Task directions: The reply should hold only the lines from the one with "分子量: 837.03 |" to the one with "Ett snajdigt sätt", both ends kept, exactly as they appear below, without any pictures.

Provided entries:

+===+

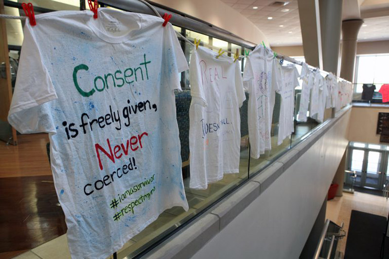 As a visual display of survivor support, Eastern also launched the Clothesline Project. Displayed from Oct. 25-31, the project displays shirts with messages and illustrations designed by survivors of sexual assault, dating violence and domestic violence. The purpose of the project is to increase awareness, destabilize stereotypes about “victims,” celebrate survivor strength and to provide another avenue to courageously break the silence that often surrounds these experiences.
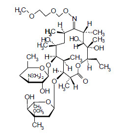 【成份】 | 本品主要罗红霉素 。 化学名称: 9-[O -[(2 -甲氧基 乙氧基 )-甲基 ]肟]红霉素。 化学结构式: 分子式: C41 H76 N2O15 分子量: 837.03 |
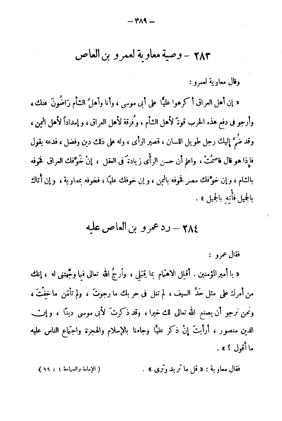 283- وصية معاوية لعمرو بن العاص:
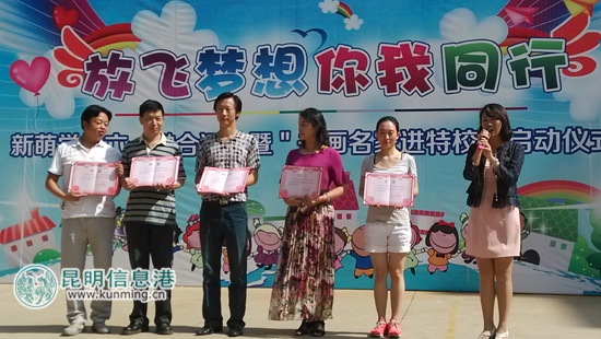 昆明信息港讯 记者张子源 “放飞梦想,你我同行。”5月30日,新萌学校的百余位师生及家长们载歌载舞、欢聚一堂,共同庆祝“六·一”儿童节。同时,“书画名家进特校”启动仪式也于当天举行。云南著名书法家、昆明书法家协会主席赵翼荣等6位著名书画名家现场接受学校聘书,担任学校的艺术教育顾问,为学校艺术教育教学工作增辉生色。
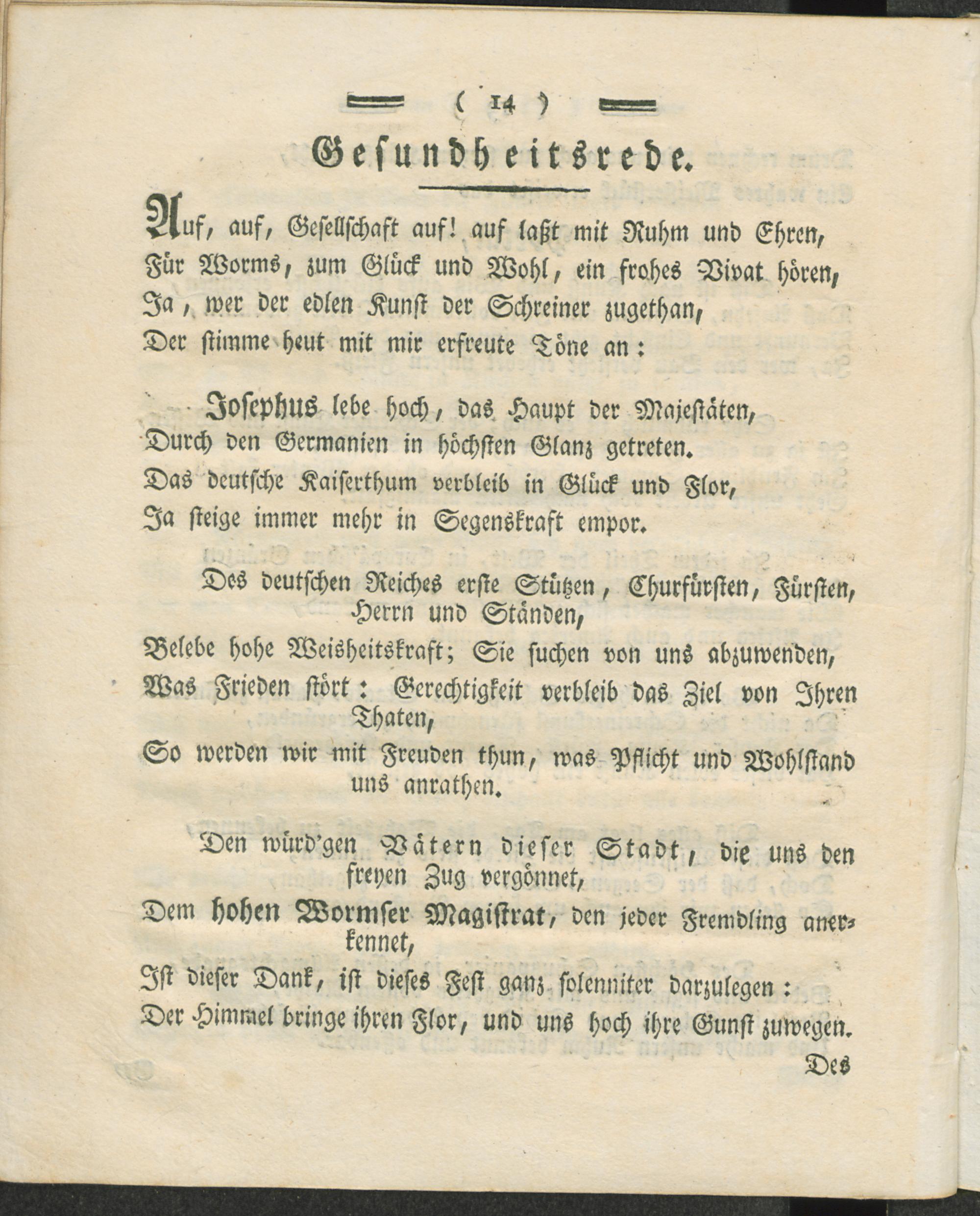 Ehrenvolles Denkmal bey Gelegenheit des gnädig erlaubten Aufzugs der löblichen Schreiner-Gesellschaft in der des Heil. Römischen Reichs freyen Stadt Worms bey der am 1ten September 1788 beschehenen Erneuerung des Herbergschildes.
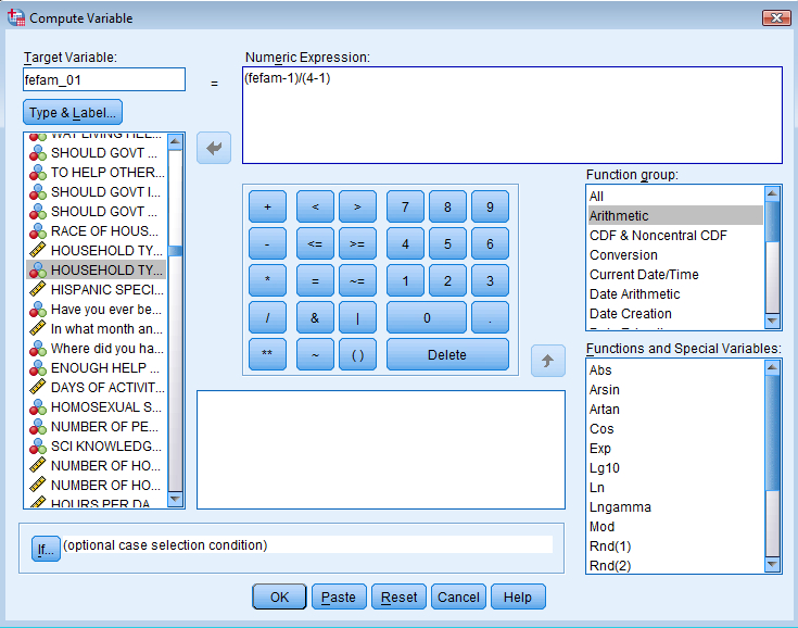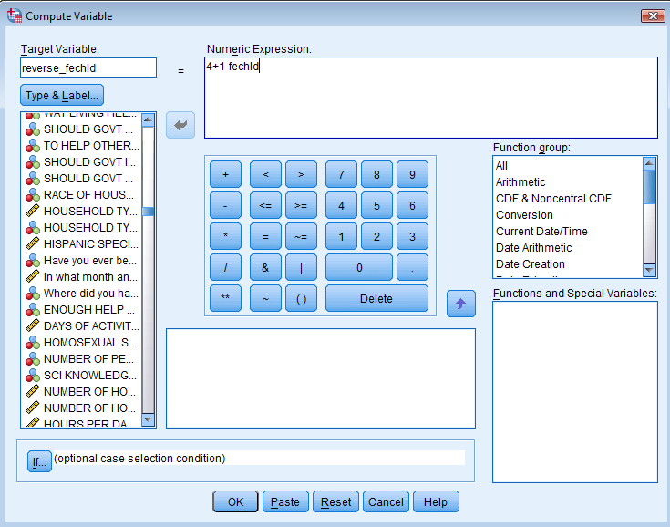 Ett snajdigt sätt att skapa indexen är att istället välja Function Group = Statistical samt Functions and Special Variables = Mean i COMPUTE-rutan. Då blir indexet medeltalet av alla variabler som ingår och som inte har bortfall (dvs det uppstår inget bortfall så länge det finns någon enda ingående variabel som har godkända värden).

+===+

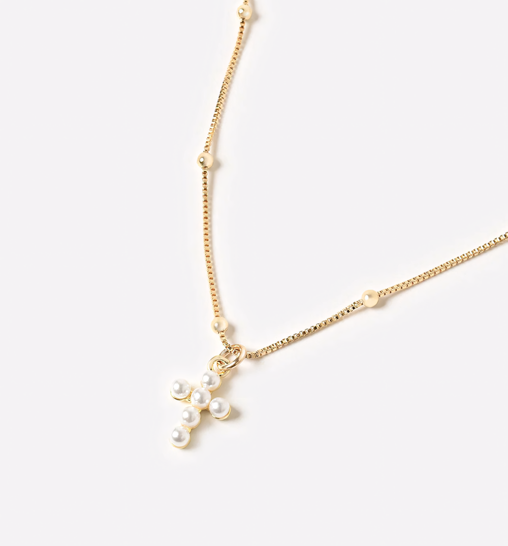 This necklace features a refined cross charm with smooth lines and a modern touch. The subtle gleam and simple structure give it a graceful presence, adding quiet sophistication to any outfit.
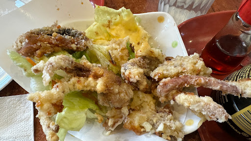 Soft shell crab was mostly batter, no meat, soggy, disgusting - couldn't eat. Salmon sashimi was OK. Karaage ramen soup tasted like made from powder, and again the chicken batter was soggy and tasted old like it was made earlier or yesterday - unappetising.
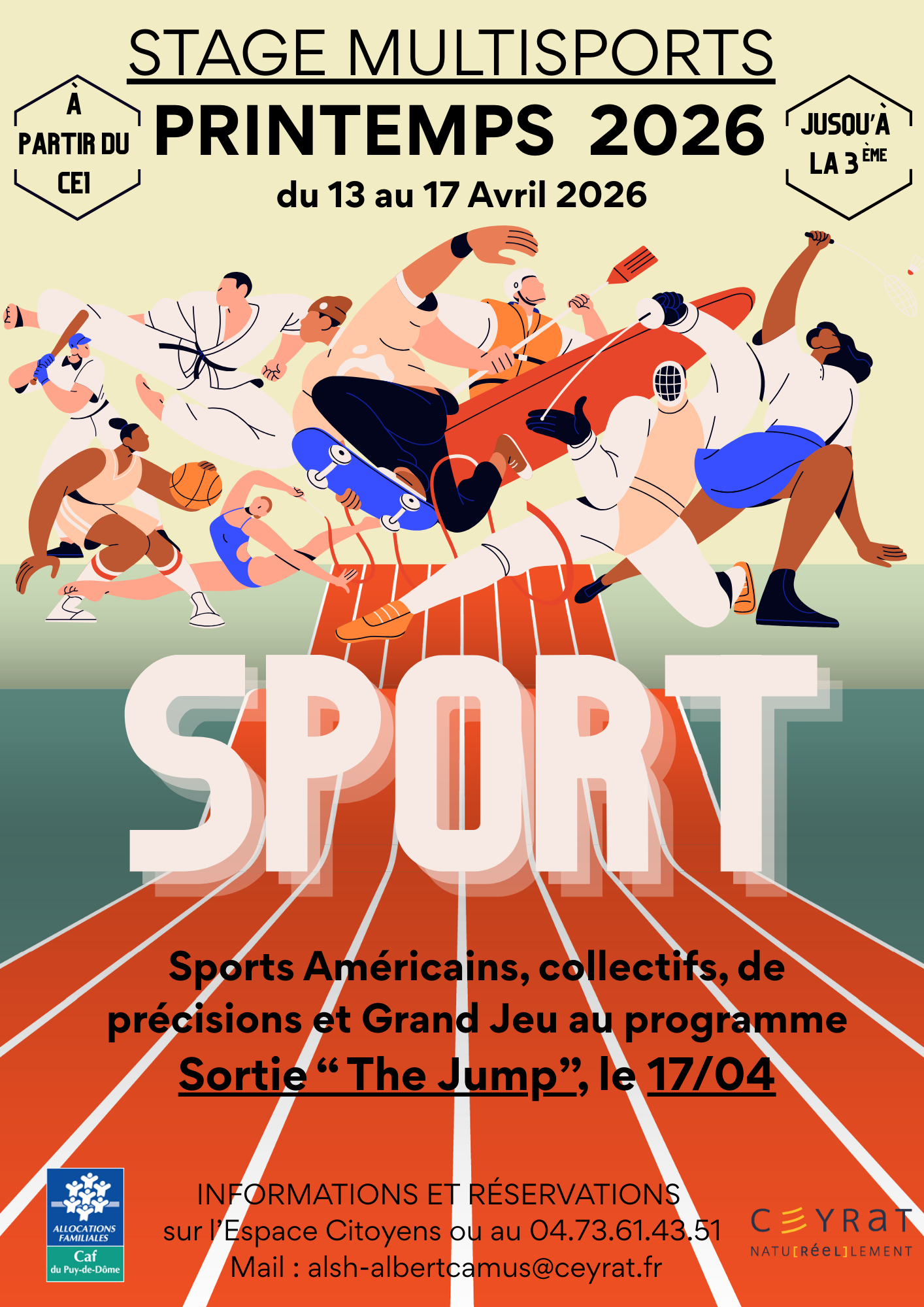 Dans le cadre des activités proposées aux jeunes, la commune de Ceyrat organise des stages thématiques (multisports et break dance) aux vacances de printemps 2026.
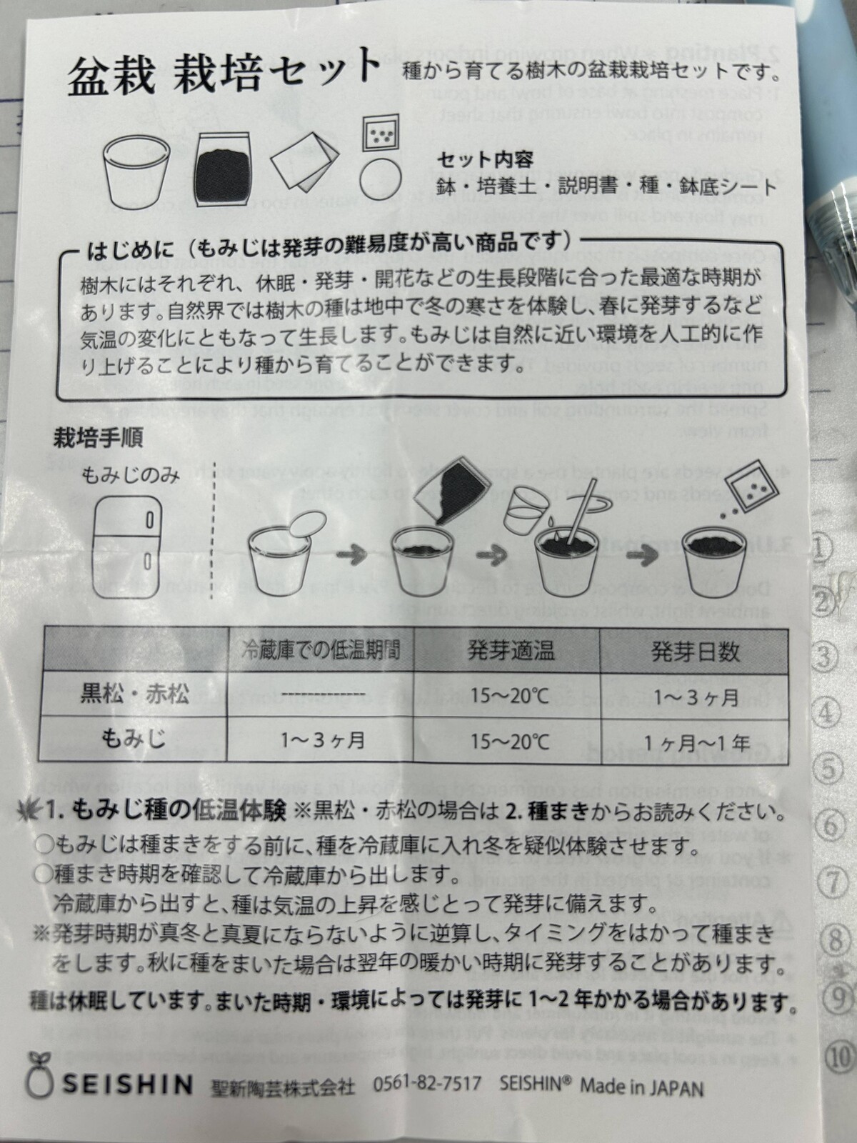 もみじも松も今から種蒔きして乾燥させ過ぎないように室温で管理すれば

+===+

Exercise answer:
 【成份】 | 本品主要罗红霉素 。 化学名称: 9-[O -[(2 -甲氧基 乙氧基 )-甲基 ]肟]红霉素。 化学结构式: 分子式: C41 H76 N2O15 分子量: 837.03 |
 283- وصية معاوية لعمرو بن العاص:
 昆明信息港讯 记者张子源 “放飞梦想,你我同行。”5月30日,新萌学校的百余位师生及家长们载歌载舞、欢聚一堂,共同庆祝“六·一”儿童节。同时,“书画名家进特校”启动仪式也于当天举行。云南著名书法家、昆明书法家协会主席赵翼荣等6位著名书画名家现场接受学校聘书,担任学校的艺术教育顾问,为学校艺术教育教学工作增辉生色。
 Ehrenvolles Denkmal bey Gelegenheit des gnädig erlaubten Aufzugs der löblichen Schreiner-Gesellschaft in der des Heil. Römischen Reichs freyen Stadt Worms bey der am 1ten September 1788 beschehenen Erneuerung des Herbergschildes.
 Ett snajdigt sätt att skapa indexen är att istället välja Function Group = Statistical samt Functions and Special Variables = Mean i COMPUTE-rutan. Då blir indexet medeltalet av alla variabler som ingår och som inte har bortfall (dvs det uppstår inget bortfall så länge det finns någon enda ingående variabel som har godkända värden).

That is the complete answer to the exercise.